Como nem todos possuíam essa qualidade, o rubi está frequentemente associado ao azar, pois o Gênio ressentido com sua prisão conspira contra quem detém a pedra. Diz-se que aqueles que ficam fascinados pelo Rubi estão fadados a sofrer um destino cruel: o Rei de Granada morreu quase instantaneamente; Pedro I de Castela foi assassinado sete anos depois de obter para si o Rubi; o Príncipe Negro jamais reinou; Ricardo III da Inglaterra perdeu seu trono quando a estava usando. Todavia, o Império Britânico se fortaleceu com ele durante os séculos XVI a XIX. Mas até para isso existe uma explicação e ela passa pelo famoso médico e ocultista real John Dee, que teria bloqueado a influência do Gênio sobre o destino dos monarcas reais. Ainda assim, há o rumor de que embora possa ser usado sobre a cabeça, o Rubi jamais deve ser observado de perto.

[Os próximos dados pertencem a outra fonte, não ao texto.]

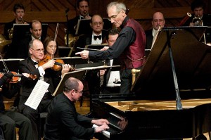 In recognition of his exceptional commitment to fostering broad appreciation for classical music, Boston Landmarks Orchestra conductor Charles Ansbacher was presented with the centennial medallion by Harvard Extension School Dean Michael Shinagel.
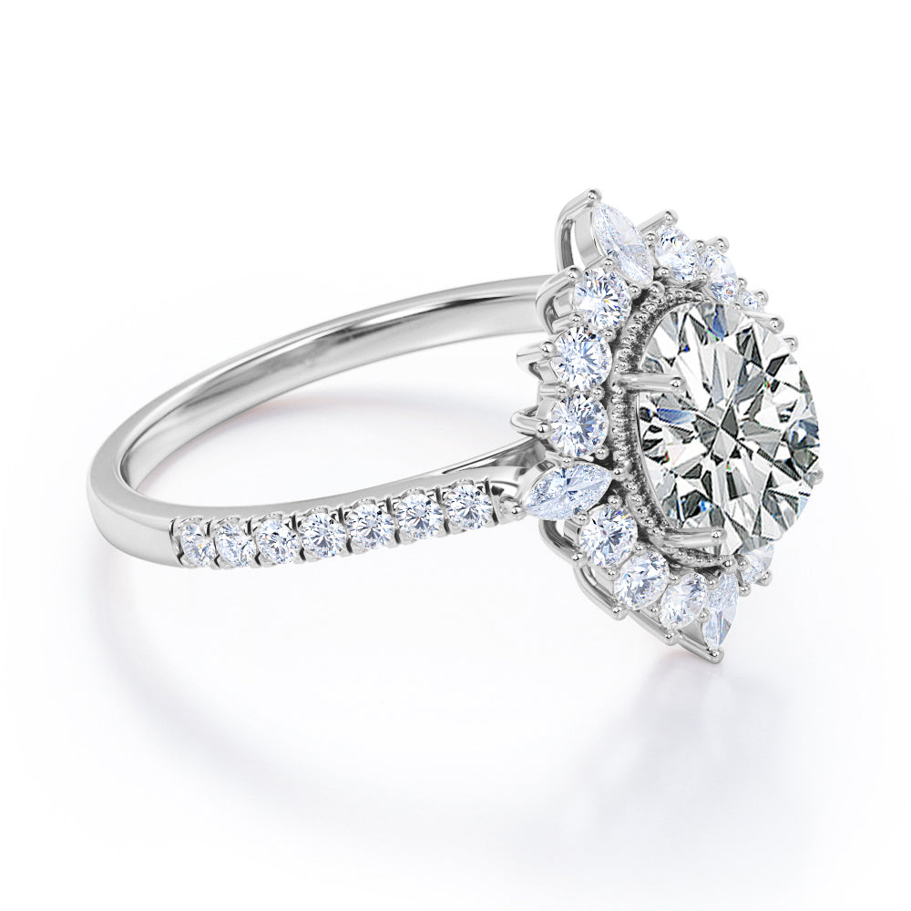 Please note that the type of side stone occurs according to metal type; if the band is silver, the side stone of the ring will be Moissanite and if the band is gold, diamond will be employed as side stone.
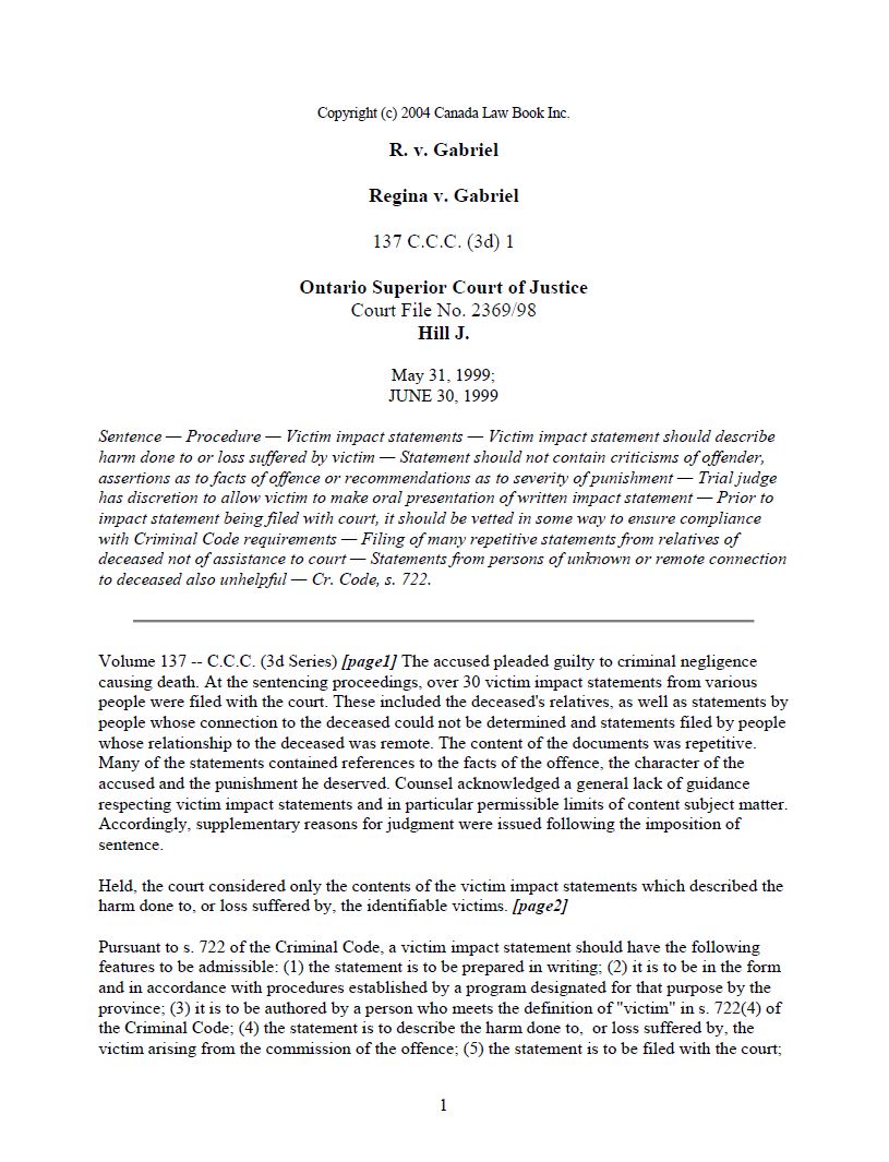 R. v. Gabriel - Ontario Superior Court of Justice: Court File No. 2369/98

Outra lenda é que o vermelho profundo do Rubi assume uma cor mais fulgurante em tempos de guerra. Ele até chegaria a emitir um brilho cor de sangue quando a Inglaterra se vê envolvida em grandes conflitos ou momentos tumultuados. Ele teria brilhado intensamente durante a Primeira e Segunda Guerras e por conta disso, teria sido removido temporariamente da presença dos súditos. Além disso, dizem que o Rubi permite ao seu dono saber quantas mortes ocorrem em face de ordens reais dadas. Ele também causaria horríveis pesadelos e visões envolvendo antigas batalhas, massacres e torturas realizados diante dele ao longo da sua sangrenta história. Tal fardo se tornou pesado para alguns Monarcas britânicos que teriam enlouquecido após usar a joia por anos. 
 
À despeito da sua tumultuada história e das lendas associadas ao Rubi de Sangue, ele continua ocupando um lugar de destaque na Coroa Real Britânica.